My favourite parts of records like this are always the accidental bits – someone drops something or kicks over a beer bottle, or else a door slams. On Áine O'Dwyer’s organ record the cleaners potter around in the background. In Poul Gernes’ only existing recorded output – 20 minutes on a salvaged harmonium – his child comes into the shed and starts chattering while dad is playing. In all these moments, the room snaps into focus, and sound becomes space. In Malone’s ‘Glory Canon III (live in Hagakyrka)’ here, doors click open (or is it papers falling on marble floors?) and all of a sudden, you are not alone.

Jon Collin – Water & Rock Music Volumes 3–6
(Early Music)

A final entry for a favourite who also brings a space (or a place) to a recording.

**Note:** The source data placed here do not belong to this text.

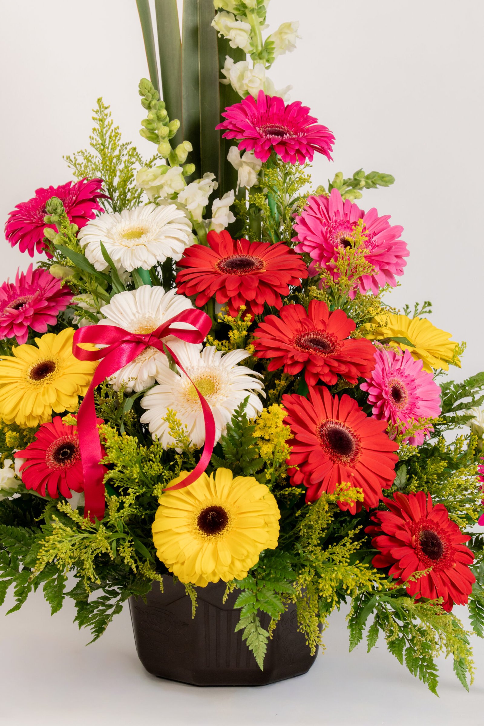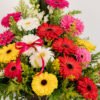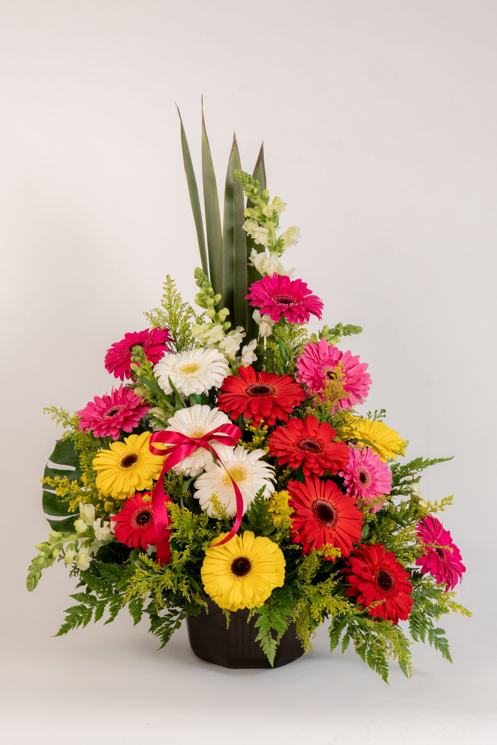 Medidas: 70cm alto , 75cm ancho, Flores: 18 gerberas colores surtidos , Base: Canasta o huacal mediano
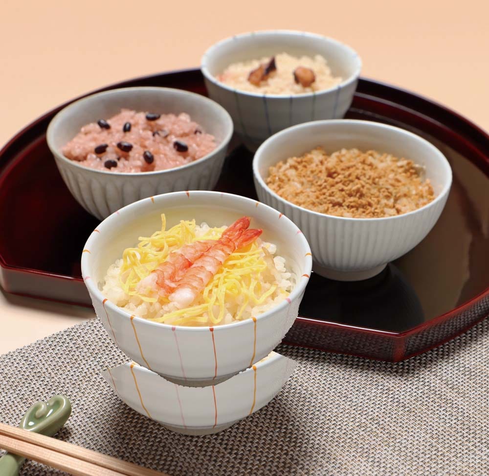 - ちりめんごはん・鶏そぼろごはん・たこめし・ちらし寿司・赤飯・十六穀米(さつま芋)各90g×各2
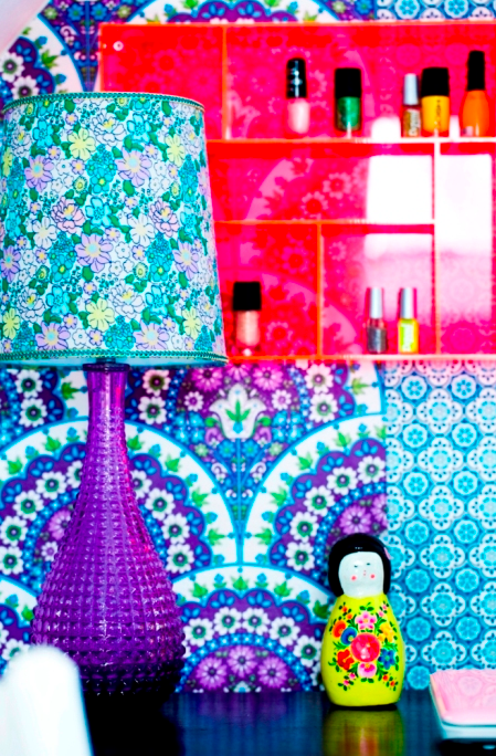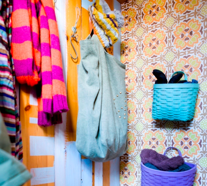 Värejä ei säästelty, eikä pintojakaan. Jopa kalusteiden päälliset kuten kaappien laatikot tai päädyt koristeltiin samaisilla – tai pahimmillaan – täysin kontrastisävyisin tapetein. Lie mitä hippejä olleet, mutta en nyt ihan huikeasta iloittelusta voi puhua. Värien ja kuvioiden sekasortoinen kakofonia oli toki provosoivaa, mutta vapaalle mielikuvitukselle, kuvioiden jatkamisen ja tunnelmien tasaantumiselle jätettiin tuohon aikaan vain neliömillimetrin kolo. – Ja ehkä siihenkin pikkureikään oli pakolla tungettu joku oranssin-sinappi kukkakuosi.
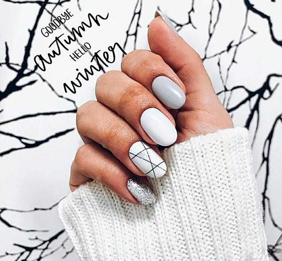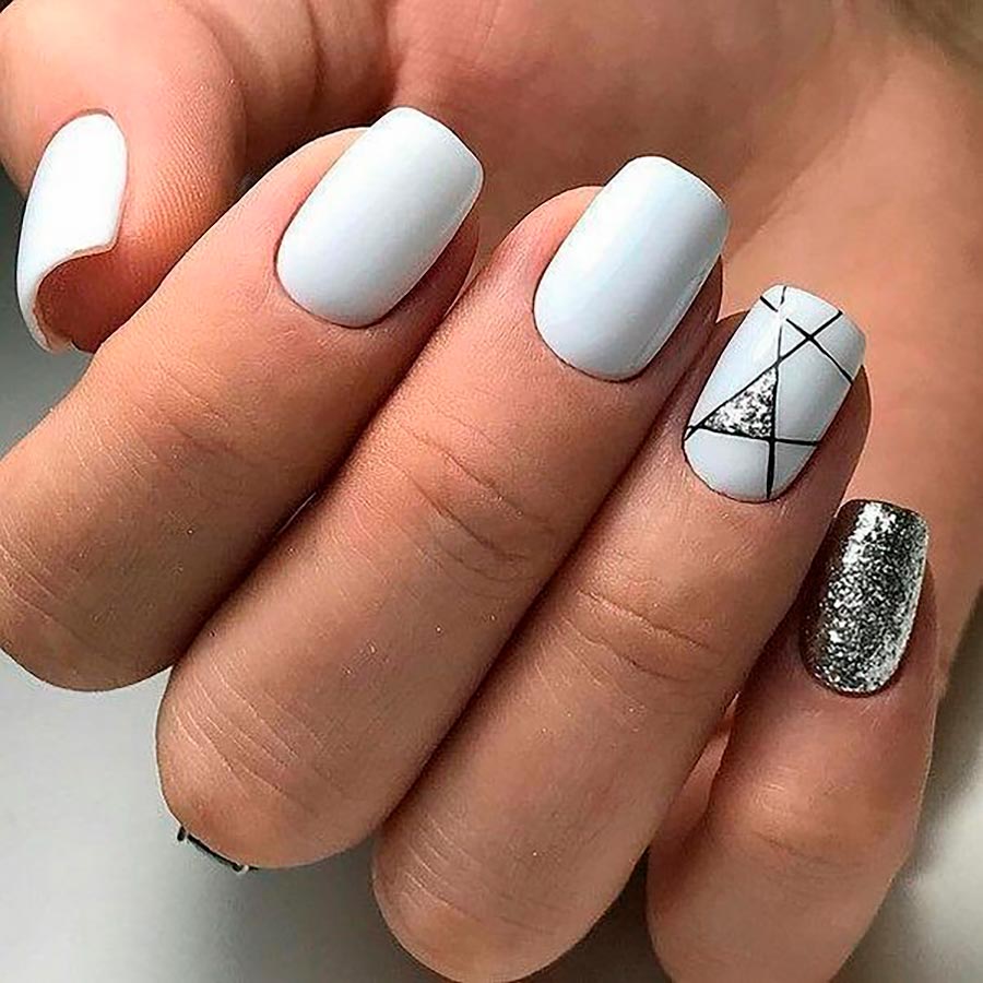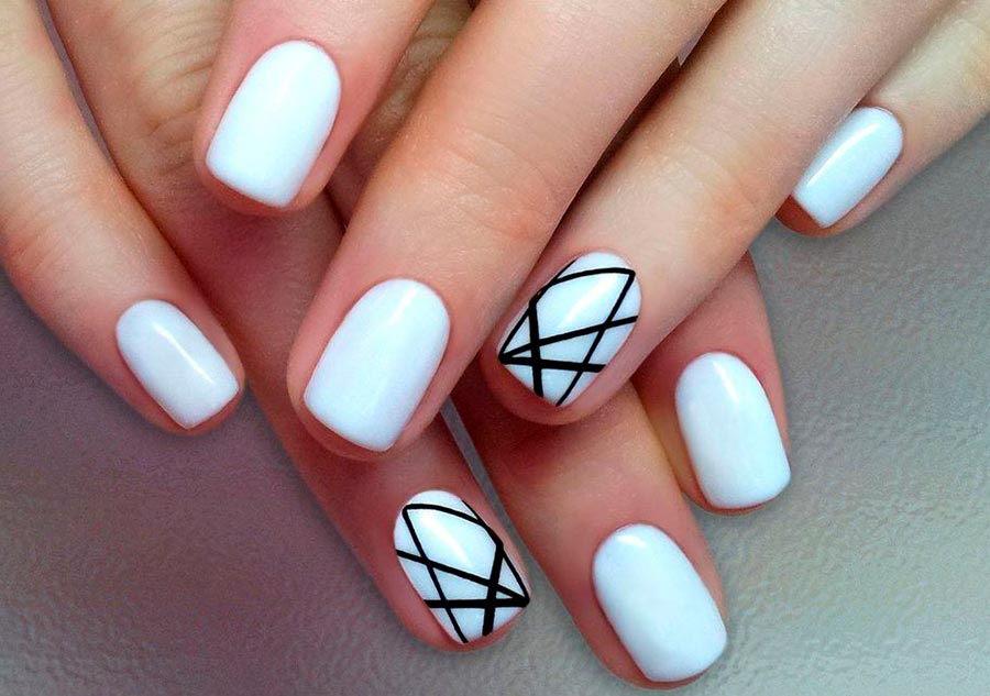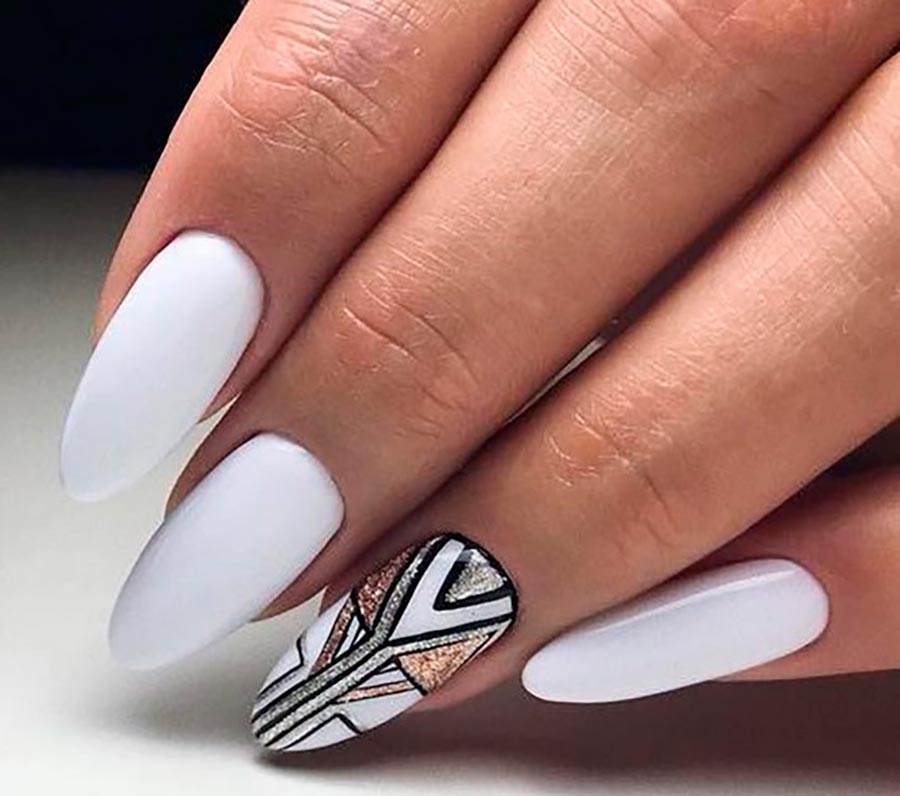 Le blanc, comme une toile vierge, est la toile de fond parfaite pour tous les motifs et ornements. Mais ce sont les motifs géométriques qui iront le mieux dessus. De plus, en 2026, la géométrie et des graphismes clairs et corrects seront pertinents comme jamais auparavant. Il existe de nombreuses options pour les motifs géométriques et les ornements. Le dessin à faire ne dépend que de vos compétences ou de votre imagination, si vous optez pour une manucure chez un maître professionnel.
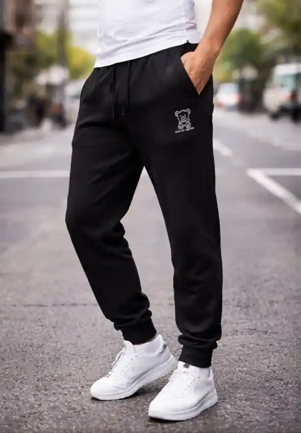 Jogger cómodo y versátil, ideal para un look casual o deportivo. Confeccionado en tela suave y abrigada, perfecta para el día a día. Su diseño moderno ofrece un ajuste cómodo gracias a la cintura elástica con cordón ajustable y puños en los tobillos que estilizan la silueta. Cuenta con bolsillos laterales con cierre, ideales para llevar tus objetos personales de forma segura, y un detalle bordado de oso en la pierna que le da un toque urbano y original
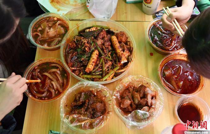 圖片3月14日,甘肅天水,游客品嘗麻辣燙。近日,甘肅天水麻辣燙在網(wǎng)絡(luò)平臺火爆,吸引全國各地眾多游客前來品嘗。九美旦增 攝
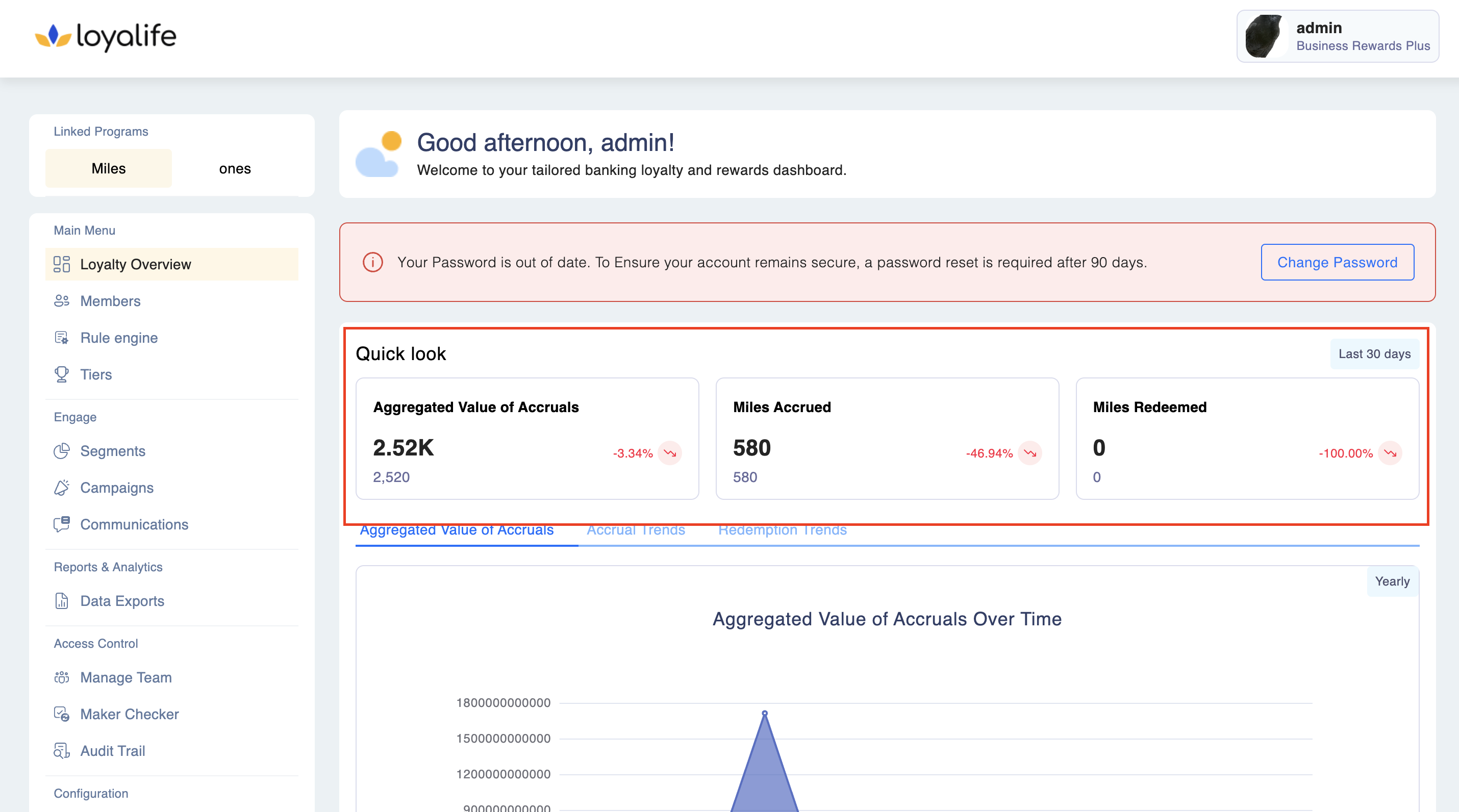 The Loyalife Dashboard provides a comprehensive overview of your loyalty program's key metrics, offering insights into accruals, redemptions, and member engagement trends. This guide will help you navigate the dashboard effectively.

Jon Collin is one of my favourite living guitar players. He always records somewhere and I always feel like I’m listening in on something private.

My disclaimer here is that after buying a copy of Tony Conrad’s Four Violins from him in an English-themed pub behind Stockholm bus station we have become friends, so this post is not without bias. Before we met, one of his earlier records was the constant soundtrack to the late nights I was spending alone in my kitchen, drinking a lot and eating poorly. This week, after hosting too many concerts in his living room, he’s discounted all his releases in an attempt to make up some of the deposit his landlord is apparently withholding. All his solo Bandcamp stuff is discounted, and the entire discography of Early Music is about £20.

Some Fragmentary Footnotes On Other Occurrences

This sounds like the mangled entrails of something much more pleasant – a blood sausage squeezed rough handed from the meat of Morton Subotnik perhaps. Flaming Pines has released a heavyweight concept album. And as I finished this column Important announced two archival releases of early Oliveros. TIP!